Dataset excerpt:
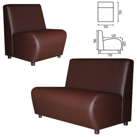 Кресло мягкое "Клауд", "V-600", 550х750х780 мм, без подлокотников, экокожа, коричневое
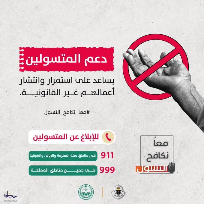 وقال الأمن العام: “لا تعطهم .. دعم المتسولين يساعد على استمرار وانتشار أعمالهم غير القانونية”. وحثّ الأمن العام على الإبلاغ عن المتسولين عبر الرقم 911 في مناطق مكة المكرمة والرياض والشرقية، و999 في جميع مناطق المملكة.
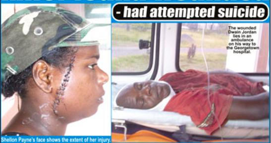 The 34-year-old Den Amstel, West Coast Demerara carpenter who hacked his wife to death last Thursday night is now a patient at the Georgetown Public Hospital after failing in his attempt to take his own life yesterday. Dwain Jordan was discovered in a clump of bushes in an empty plot of land in the village at around 15:45 hours yesterday, bleeding profusely from several gaping wounds about his body. Eyewitnesses said that one of his wounds was so huge that his intestines were protruding. There was also a deep cut at the back of one of his ankles. Neighbours said that they learnt that the badly wounded Jordan was lying in the grass only when he called out for help. Jordan went into hiding last Thursday night shortly after killing his reputed wife, Claudine Rampersaud, 30, and seriously wounding her sister, Shellon Payne, and Payne's boyfriend, Ryan Lewis. The neighbours could not say for how long Jordan was in the empty lot, but they were almost certain that he did not seek refuge there on the night of the chopping spree. Police had launched a manhunt for Jordan, and there were even rumours that he had been spotted on Friday. Kaieteur News understands that Jordan had contacted relatives and had informed them that he would kill himself rather than face the consequences of his actions. One neighbour told Kaieteur News yesterday that she saw Jordan lying in the bush with his stomach protruding. “He was trying to get help. He couldn't walk, maybe he was crawling. Somebody heard him groaning and they called the police,” the neighbour said. The police collected the badly injured man and took him to the West Demerara Regional Hospital, from where he was transferred to the Georgetown Public Hospital. A senior police official told this newspaper that some of the wounds on Jordan's body were inflicted before yesterday. He suggested that Jordan might have sustained some of the wounds during the scuffle he had with the persons he attacked on Thursday night. However, relatives of the dead woman refuted this, claiming that it was only Jordan who was armed. “If he de get wound then, you would'a see bloodstains leading from the house,” Shauda Payne told this newspaper. Jordan's father, Clifton Jordan, said that he did not know that his son was lying wounded in the empty lot which is situated next to his. “People tell me that my son was over there, but I did not go. A woman pass and ask me why I ain't going and see my son, but I didn't even answer she. The police come and that is when I went over,” Clifton Jordan said. He recalled that his son had visited him on Wednesday morning to repair the roof of his toilet. “He looked worried, like he face swell, but I didn't ask he nothing. I don't mingle in people affairs,” the wounded man's father told Kaieteur News. He said that he realised something was wrong between his son and his reputed wife when she stopped greeting him whenever they passed each other about three months ago. Jordan said that he learnt that when his son had complained to his reputed wife's parents about his suspicions of her outside affair, he did not get a favourable response. Over at the home of the dead woman's relatives, a number of villagers who had gathered there expressed relief that Jordan is now in custody, none moreso that Shellon Payne, who up to yesterday was still seeking treatment for a gaping wound on her face. They were, however, peeved that Jordan showed no remorse when they looked into his face. “He smiling at me but he ain't saying nothing. He call out fuh he cousin. I de want he fuh punish before he dead,” Shauda Payne recalled. Another sister, Sharmaine, told Kaieteur News that when she arrived at the empty lot, Jordan was lying in the grass with handcuffs on. The dead woman's relatives described the relationship between the couple as a very abusive one. They could not say why Claudine Rampersaud did not report the abuse despite the fact that she was a member of the Guyana Police Force. According to Shauda Payne, Jordan had previously walked out on her sister when their first child was born, and had married another woman in Essequibo. “He come back and say dat de woman wukkin' obeah pon he and he de sick, sick. Claudine tek he and carry he by she uncle in Parika and nurse he back to health, and then mek three more children fuh he,” Payne said. She explained that on another occasion, the couple had separated and Jordan had begged Rampersaud to make up, promising to marry her. Payne said that her sister had told her Jordan had attempted to carry her in the yard where she was murdered on several other occasions. On Thursday night, Rampersaud had attended an insurance meeting, which Jordan had knowledge of, and had returned home a little later than usual. That was when she was attacked and chopped to death. Her brother, Troy Rampersaud, said that he had seen Jordan sharpening a knife earlier that afternoon, but he did not think that Jordan was preparing to kill his sister. Last Thursday's incident was a shocking reminder of a similar incident in the village four years ago, when a man hammered his wife to death. Meanwhile, police say they will await word on Jordan's condition before instituting charges. He remains under close watch at the Georgetown Public Hospital. Sunday 06-17-2007 |

Exercise brief: Take the listing above and restate it word for word, without its pictures.

Completed exercise:
 Кресло мягкое "Клауд", "V-600", 550х750х780 мм, без подлокотников, экокожа, коричневое
 وقال الأمن العام: “لا تعطهم .. دعم المتسولين يساعد على استمرار وانتشار أعمالهم غير القانونية”. وحثّ الأمن العام على الإبلاغ عن المتسولين عبر الرقم 911 في مناطق مكة المكرمة والرياض والشرقية، و999 في جميع مناطق المملكة.
 The 34-year-old Den Amstel, West Coast Demerara carpenter who hacked his wife to death last Thursday night is now a patient at the Georgetown Public Hospital after failing in his attempt to take his own life yesterday. Dwain Jordan was discovered in a clump of bushes in an empty plot of land in the village at around 15:45 hours yesterday, bleeding profusely from several gaping wounds about his body. Eyewitnesses said that one of his wounds was so huge that his intestines were protruding. There was also a deep cut at the back of one of his ankles. Neighbours said that they learnt that the badly wounded Jordan was lying in the grass only when he called out for help. Jordan went into hiding last Thursday night shortly after killing his reputed wife, Claudine Rampersaud, 30, and seriously wounding her sister, Shellon Payne, and Payne's boyfriend, Ryan Lewis. The neighbours could not say for how long Jordan was in the empty lot, but they were almost certain that he did not seek refuge there on the night of the chopping spree. Police had launched a manhunt for Jordan, and there were even rumours that he had been spotted on Friday. Kaieteur News understands that Jordan had contacted relatives and had informed them that he would kill himself rather than face the consequences of his actions. One neighbour told Kaieteur News yesterday that she saw Jordan lying in the bush with his stomach protruding. “He was trying to get help. He couldn't walk, maybe he was crawling. Somebody heard him groaning and they called the police,” the neighbour said. The police collected the badly injured man and took him to the West Demerara Regional Hospital, from where he was transferred to the Georgetown Public Hospital. A senior police official told this newspaper that some of the wounds on Jordan's body were inflicted before yesterday. He suggested that Jordan might have sustained some of the wounds during the scuffle he had with the persons he attacked on Thursday night. However, relatives of the dead woman refuted this, claiming that it was only Jordan who was armed. “If he de get wound then, you would'a see bloodstains leading from the house,” Shauda Payne told this newspaper. Jordan's father, Clifton Jordan, said that he did not know that his son was lying wounded in the empty lot which is situated next to his. “People tell me that my son was over there, but I did not go. A woman pass and ask me why I ain't going and see my son, but I didn't even answer she. The police come and that is when I went over,” Clifton Jordan said. He recalled that his son had visited him on Wednesday morning to repair the roof of his toilet. “He looked worried, like he face swell, but I didn't ask he nothing. I don't mingle in people affairs,” the wounded man's father told Kaieteur News. He said that he realised something was wrong between his son and his reputed wife when she stopped greeting him whenever they passed each other about three months ago. Jordan said that he learnt that when his son had complained to his reputed wife's parents about his suspicions of her outside affair, he did not get a favourable response. Over at the home of the dead woman's relatives, a number of villagers who had gathered there expressed relief that Jordan is now in custody, none moreso that Shellon Payne, who up to yesterday was still seeking treatment for a gaping wound on her face. They were, however, peeved that Jordan showed no remorse when they looked into his face. “He smiling at me but he ain't saying nothing. He call out fuh he cousin. I de want he fuh punish before he dead,” Shauda Payne recalled. Another sister, Sharmaine, told Kaieteur News that when she arrived at the empty lot, Jordan was lying in the grass with handcuffs on. The dead woman's relatives described the relationship between the couple as a very abusive one. They could not say why Claudine Rampersaud did not report the abuse despite the fact that she was a member of the Guyana Police Force. According to Shauda Payne, Jordan had previously walked out on her sister when their first child was born, and had married another woman in Essequibo. “He come back and say dat de woman wukkin' obeah pon he and he de sick, sick. Claudine tek he and carry he by she uncle in Parika and nurse he back to health, and then mek three more children fuh he,” Payne said. She explained that on another occasion, the couple had separated and Jordan had begged Rampersaud to make up, promising to marry her. Payne said that her sister had told her Jordan had attempted to carry her in the yard where she was murdered on several other occasions. On Thursday night, Rampersaud had attended an insurance meeting, which Jordan had knowledge of, and had returned home a little later than usual. That was when she was attacked and chopped to death. Her brother, Troy Rampersaud, said that he had seen Jordan sharpening a knife earlier that afternoon, but he did not think that Jordan was preparing to kill his sister. Last Thursday's incident was a shocking reminder of a similar incident in the village four years ago, when a man hammered his wife to death. Meanwhile, police say they will await word on Jordan's condition before instituting charges. He remains under close watch at the Georgetown Public Hospital. Sunday 06-17-2007 |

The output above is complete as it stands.